Maurice Smith is the Gordon McKay Professor of Bioengineering in the Harvard John A. Paulson School of Engineering and Applied Sciences, where he also holds appointments in the Center for Brain Science. He earned a bachelor’s degree in biomedical engineering, electrical engineering, and mathematics from Vanderbilt University in 1993. In 2003, he received an M.D./Ph.D. in biomedical engineering from the Johns Hopkins University School of Medicine, winning the David Israel Macht Prize for graduate student basic science research. Smith completed a two-year postdoctoral fellowship in the Department of Biomedical Engineering at Johns Hopkins before joining Harvard as an assistant professor in 2005. He was promoted to associate professor and then to full professor with tenure in 2015. Smith directs the Harvard Neuromotor Control Lab, focusing on the neural mechanisms of motor control and learning through experimental paradigms involving human subjects, robotics, and computational modeling grounded in control theory.

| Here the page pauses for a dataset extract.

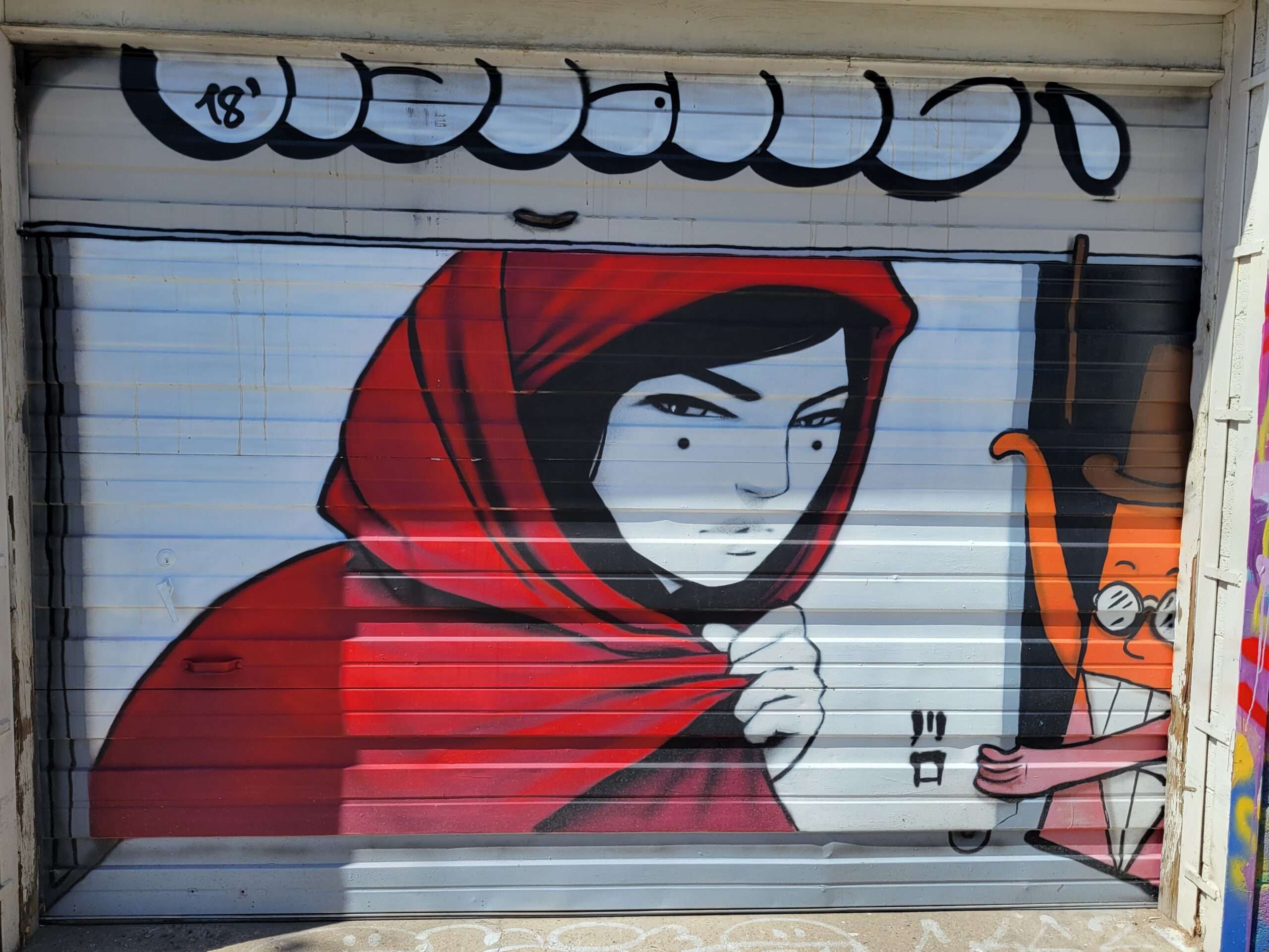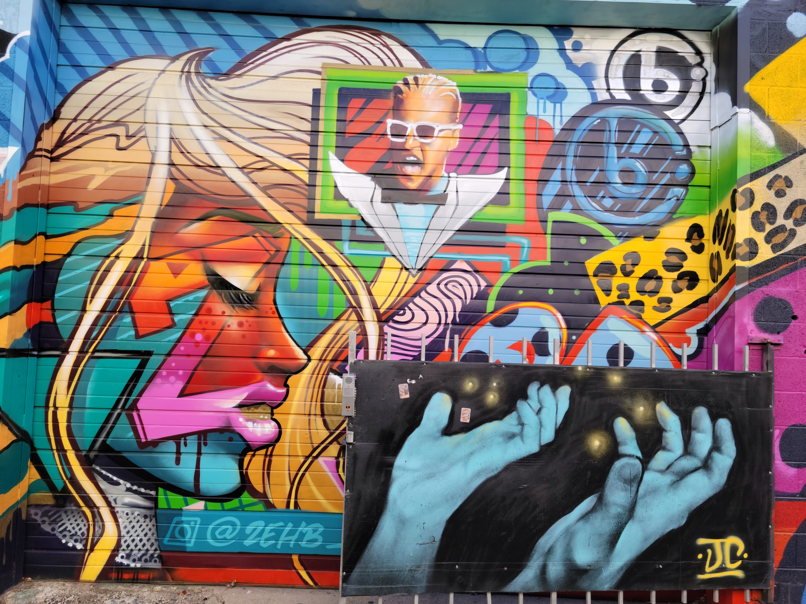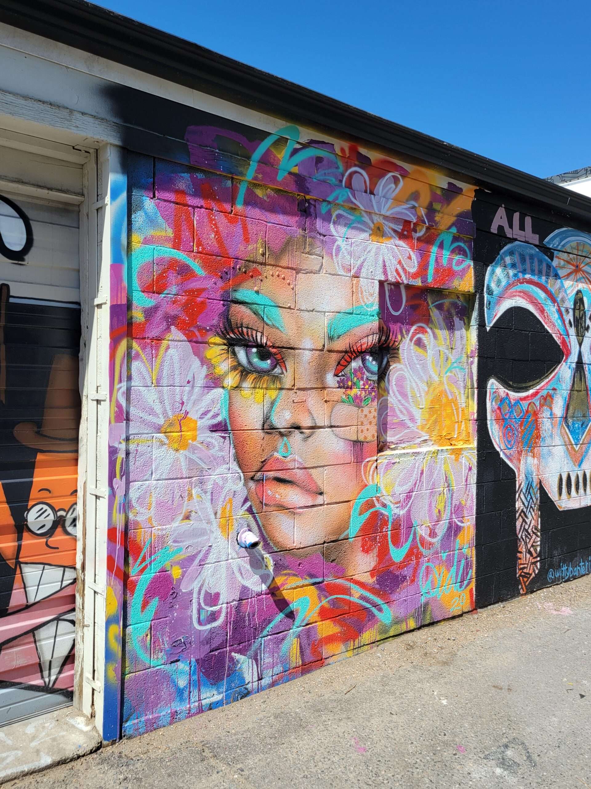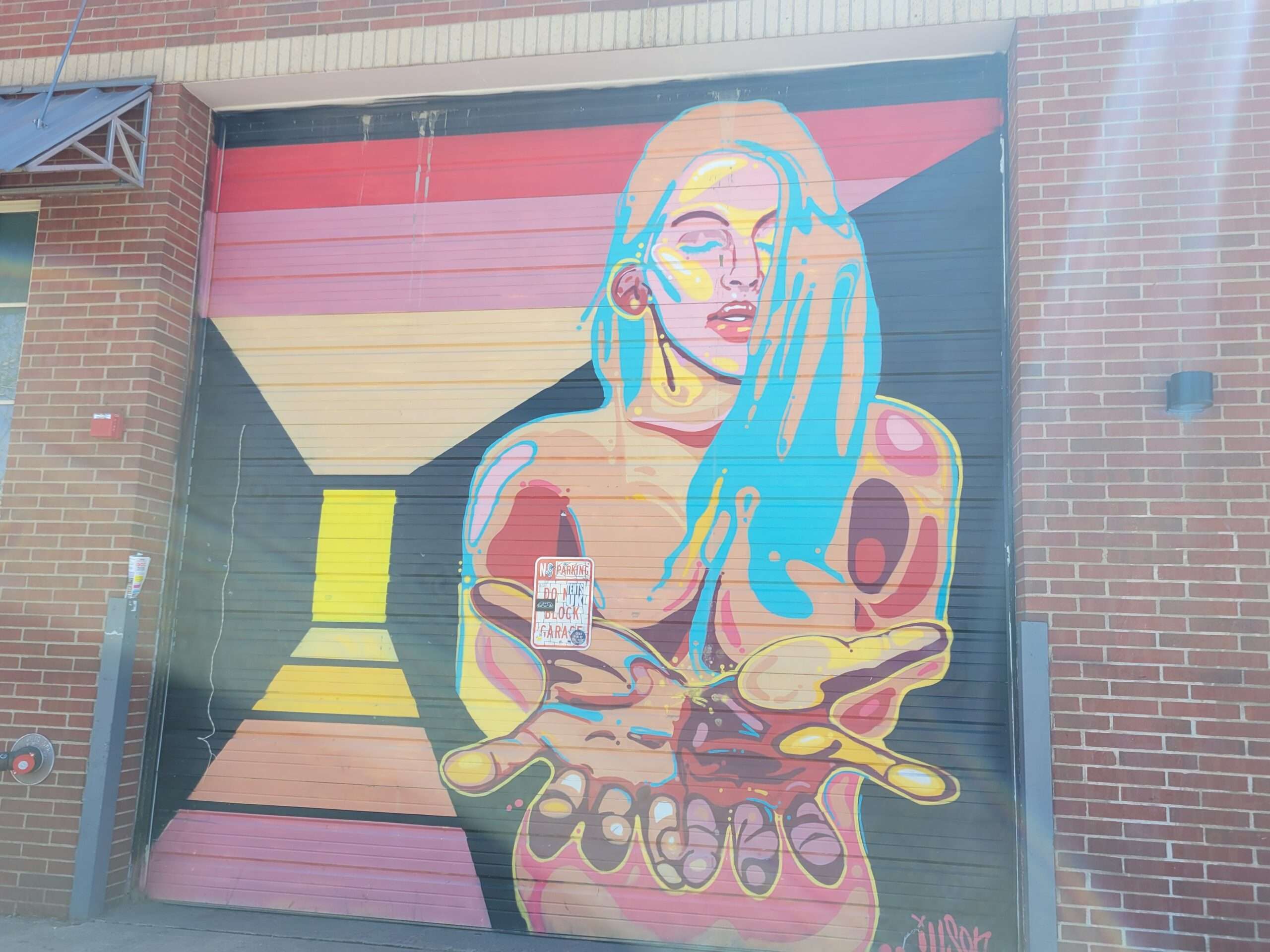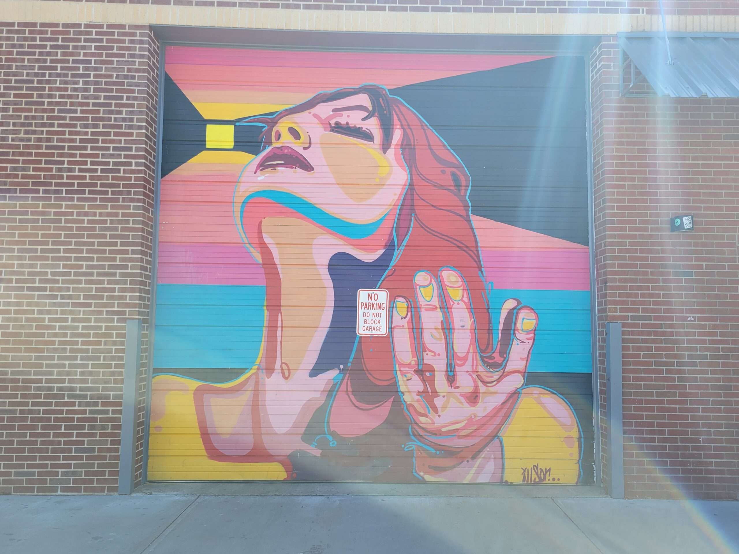 Large-scale colorful mural on a corrugated garage door featuring Max Headroom in a television frame, a profile of a woman with long blonde hair, and glowing blue hands.

Smith’s research spans computational neuroscience, biomechanics, motor control, and the application of stochastic systems and robotics. His seminal contributions include highly cited works such as “Error correction, sensory prediction, and adaptation in motor control” (Annual Review of Neuroscience, 2010), “Interacting adaptive processes with different timescales underlie short-term motor learning” (PLoS Biology, 2006), “Temporal structure of motor variability is dynamically regulated and predicts motor learning ability” (Nature Neuroscience, 2014), and “The role of variability in motor learning” (Annual Review of Neuroscience, 2017). He received the Alfred P. Sloan Research Fellowship and the McKnight Scholar Award in 2007. In 2020, Smith was elected to the College of Fellows of the American Institute for Medical and Biological Engineering for pioneering advances in understanding the neural basis of motor function using mathematical principles from control theory. He teaches courses such as Physiological Systems Analysis (BE 110) and has delivered seminars on motor behavior and learning.